And that's his protector. That's his protector self-state. And this psychopath is a primary psychopath. It's goal-oriented, it's violent, it's aggressive, he is defiant and not to be messed with. And this protector isolates, like a firewall, the covert borderline from reality and fends off other people who might try to intrude, interfere, invade, and change something, transform somehow, or take advantage of the borderline.

Interpersonal relationships of both types are also very different. The classic borderline has an inability to genuinely depend on others or to trust them. In other words, she's hypervigilant.

She constantly expects the worse. She constantly assumes that she's going to be abandoned, humiliated, rejected, exploited, taken advantage of, raped, messed with, etc. So she has a bit of a paranoid ideation. She has persecutory delusions and in extreme cases, she has a persecutory object. She transforms, for example, her intimate partner to be demonic. She perceives him as demonic, not an enemy only, but a demonic enemy, an entity malevolent, how to get her, how to destroy her. So this is the classic borderline.

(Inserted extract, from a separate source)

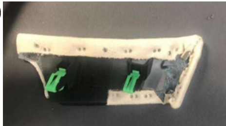
Dpad- 2 clips verdes

The covert borderline is more so-called reasonable. He has paranoid ideation. In other words, he's a suspicious type. He never takes anything for granted or at face value. He's kind of cynical in a way.

He has numerous, the covert borderline has numerous, but shallow relationships, of course, if you can't trust at all, if you're paranoid, it's very difficult to develop real intimacy, to open yourself up, to be vulnerable, to be defenseless.

I mentioned before, the covert borderline has an intense need for love. He seeks the perfect love from others. And sometimes he becomes a people pleaser in an attempt to garner love, to secure love. He says, okay, I will please you, but love me.

But he has this problem with hypervigilance, paranoid ideation, and he has a lack of real empathy, especially when he's in the psychopathic phase, in his case, the primary psychopathic phase.

So this combination renders him effectively a narcissist in interpersonal relationships.

The only exception is, the only difference actually, is that the covert borderline, while narcissistic in the relationship, usually would truly bond with his children, not because they are social supply, remember, he doesn't need supply. But he would value his children over his spouse, for example, in family life, he would bond mostly with the children. And he would bond with the children because there he can suspend his paranoid ideation. He doesn't need to suspect them, to be vigilant, to look behind his shoulder, to expect backstabbing, when his children are his, they love him unconditionally, and because he's a child himself. So that's the only exception.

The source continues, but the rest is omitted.